◆ **WHAT YOU SHOULD DO**
Would you copy the lines below exactly and omit the images?

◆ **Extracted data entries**
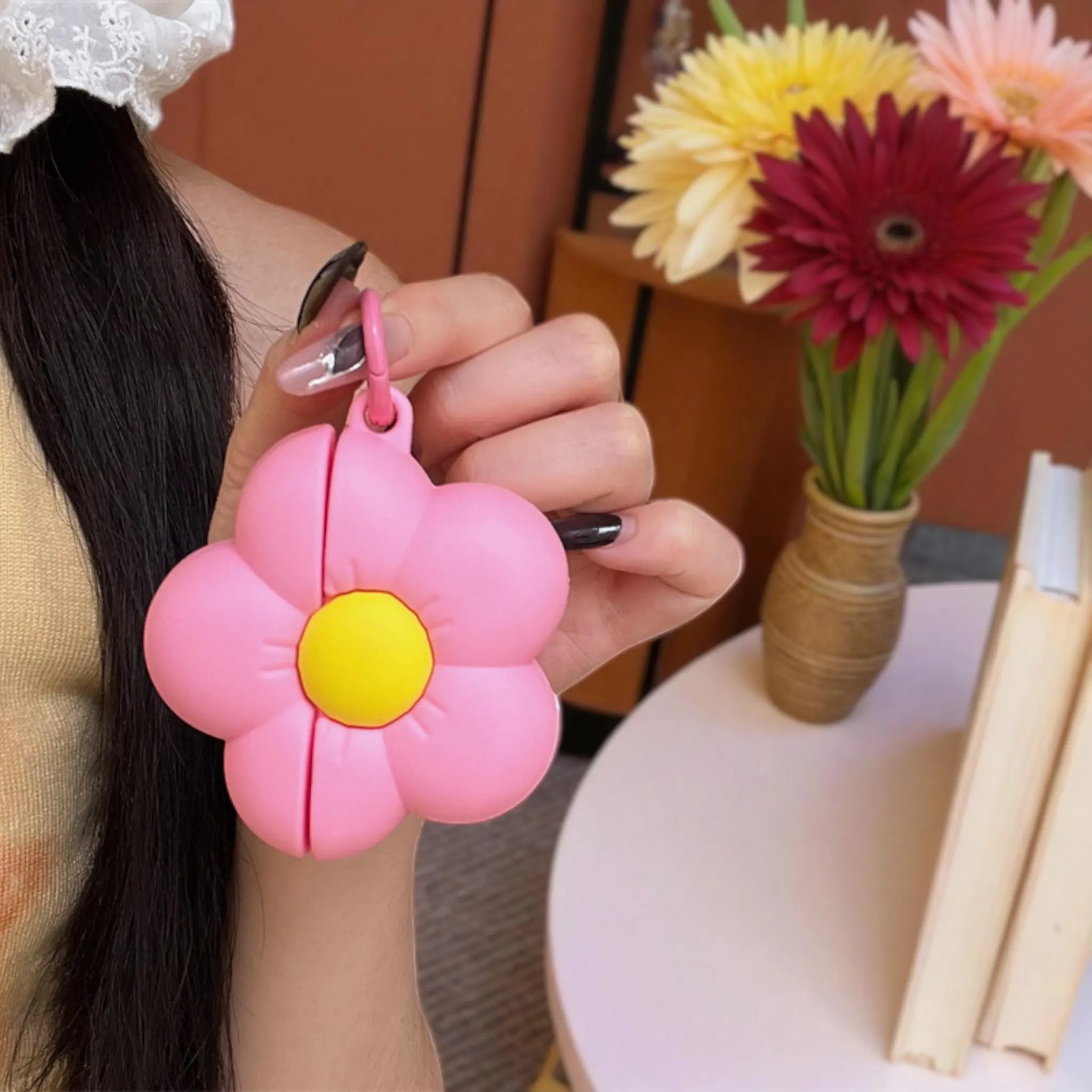 Protector de silicona anti golpes y rayones con diseño de flor. Incluye ganchito.
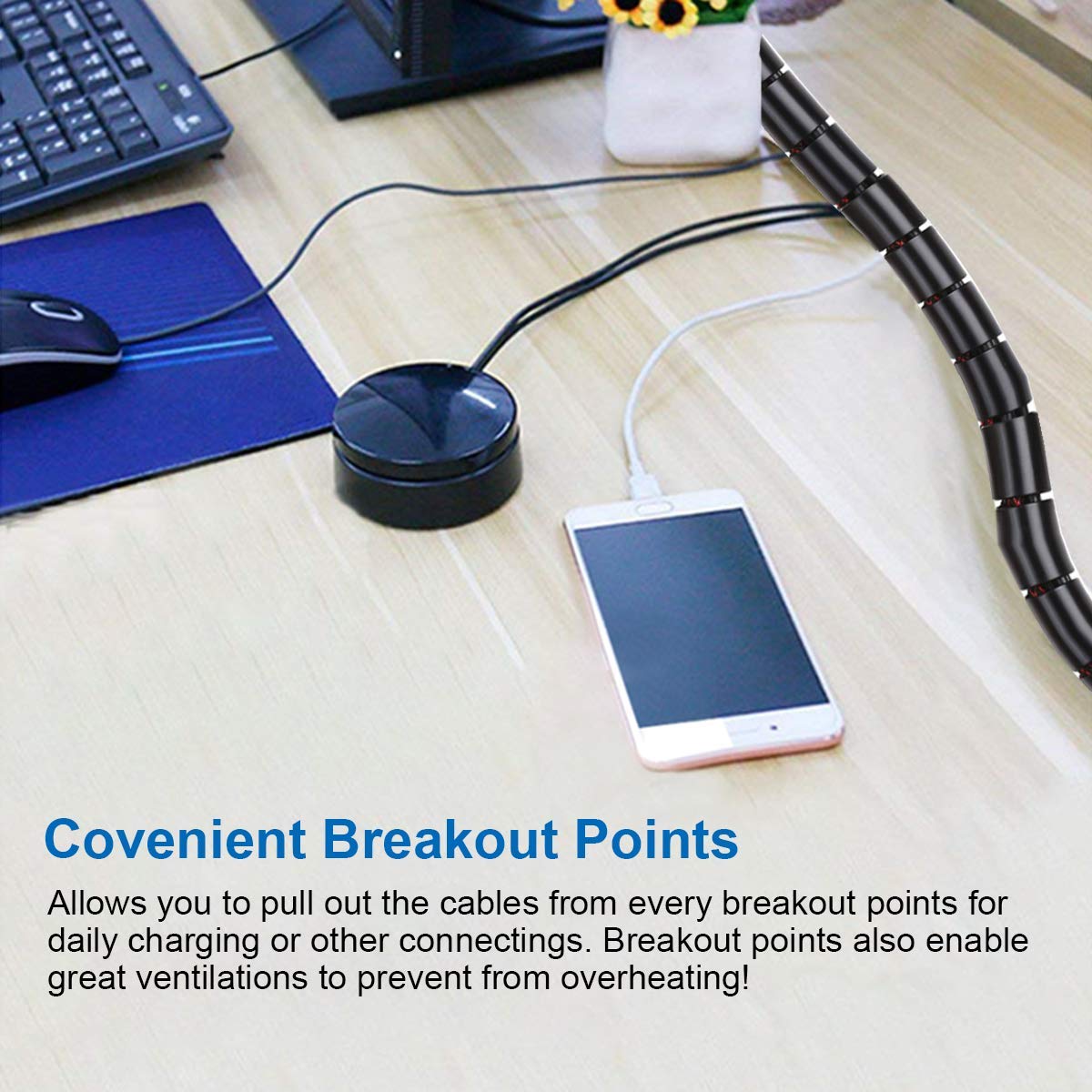 • 【Unique Breakpoint&DIY Length】Pull out the cables from every breakout point is convenient for daily charging or other connecting.The breakout points on the bundler provide great ventilation to prevent them from overheating!Flexible material allows customize length as you wanted from the 2M/78.8inch cable wires organizer.
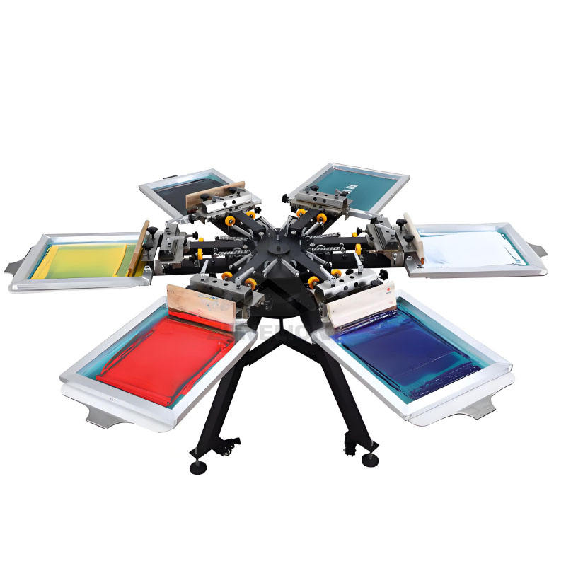 Octopus 6-Station 6-Color Screen Printing T-Shirt Machine with Manual Operation and 500x600mm Print Area
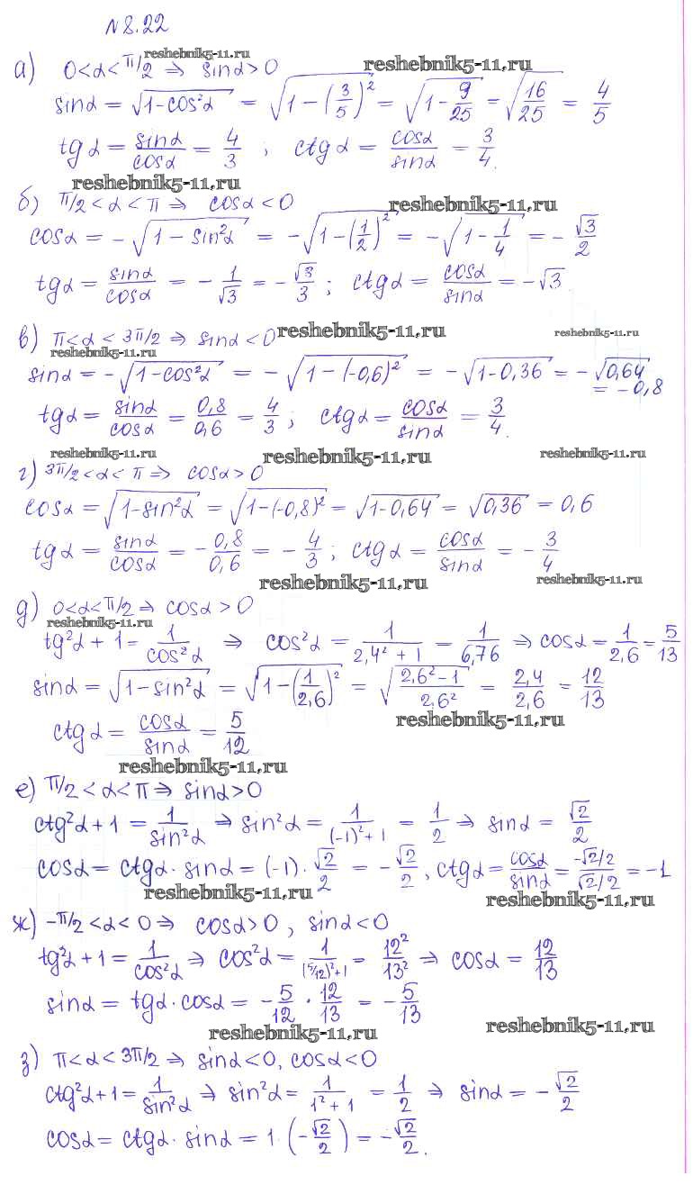 Готовая домашняя работа с ответами по Алгебре за 10 класс Никольский, Потапов, Решетников, Шевкин Учебник МГУ - школе Базовый и углубленный уровень Просвещение 2015 ФГОС - §8. Тангес и катангес угла 22
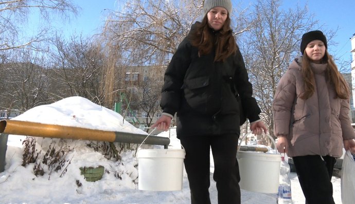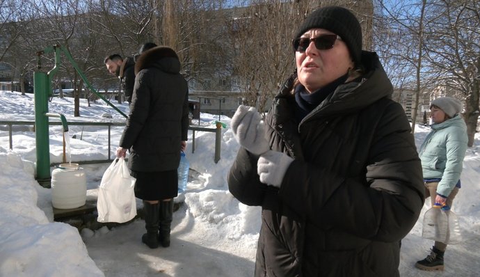 "Ми сидимо без води, без тепла і без світла. Світло подають чотири чи три години на добу. Як тільки вода закінчується, йдемо набираємо, бо треба помитися, посуд помити. Нам вже обіцяли, що буде вода, що поставлять генератор, накачає воду, але нічого немає", — сказала Тетяна.
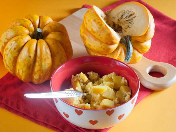 Слейте воду и поместите куски тыквы в глубокую емкость. Добавьте нарезанный небольшими кусочками банан.
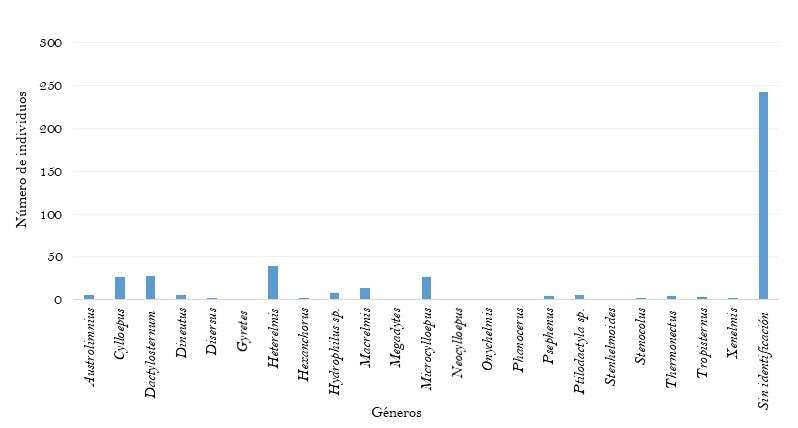 En la colección de coleópteros acuáticos del MEFLG, la familia Elmidae presentó el mayor número de géneros (12). Los géneros con mayor número de especímenes fueron Heterelmis Sharp (39 especímenes), Cylloepus Erichson y Microcyllopeus Hinton (27 especímenes cada uno) (Figura 4). Esto coincide con lo reportado en el Sistema de Información sobre Biodiversidad de Colombia (SIB) para la colección de macroinvertebrados acuáticos de la Universidad Católica de Oriente (CMA-UCO), en la cual la familia Elmidae tiene mayor representación dentro de la colección de acuerdo al número de individuos (Universidad Católica de Oriente, 2015).
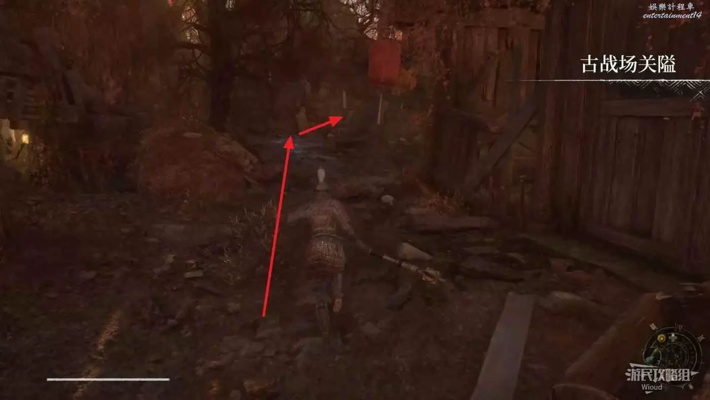 從【真武山】的【古戰場關隘】開始,面對神龕走右邊城牆的缺口到一個村子。

◆ **SOLUTION TO THE PROBLEM**
 Protector de silicona anti golpes y rayones con diseño de flor. Incluye ganchito.
 • 【Unique Breakpoint&DIY Length】Pull out the cables from every breakout point is convenient for daily charging or other connecting.The breakout points on the bundler provide great ventilation to prevent them from overheating!Flexible material allows customize length as you wanted from the 2M/78.8inch cable wires organizer.
 Octopus 6-Station 6-Color Screen Printing T-Shirt Machine with Manual Operation and 500x600mm Print Area
 Готовая домашняя работа с ответами по Алгебре за 10 класс Никольский, Потапов, Решетников, Шевкин Учебник МГУ - школе Базовый и углубленный уровень Просвещение 2015 ФГОС - §8. Тангес и катангес угла 22
 "Ми сидимо без води, без тепла і без світла. Світло подають чотири чи три години на добу. Як тільки вода закінчується, йдемо набираємо, бо треба помитися, посуд помити. Нам вже обіцяли, що буде вода, що поставлять генератор, накачає воду, але нічого немає", — сказала Тетяна.
 Слейте воду и поместите куски тыквы в глубокую емкость. Добавьте нарезанный небольшими кусочками банан.
 En la colección de coleópteros acuáticos del MEFLG, la familia Elmidae presentó el mayor número de géneros (12). Los géneros con mayor número de especímenes fueron Heterelmis Sharp (39 especímenes), Cylloepus Erichson y Microcyllopeus Hinton (27 especímenes cada uno) (Figura 4). Esto coincide con lo reportado en el Sistema de Información sobre Biodiversidad de Colombia (SIB) para la colección de macroinvertebrados acuáticos de la Universidad Católica de Oriente (CMA-UCO), en la cual la familia Elmidae tiene mayor representación dentro de la colección de acuerdo al número de individuos (Universidad Católica de Oriente, 2015).
 從【真武山】的【古戰場關隘】開始,面對神龕走右邊城牆的缺口到一個村子。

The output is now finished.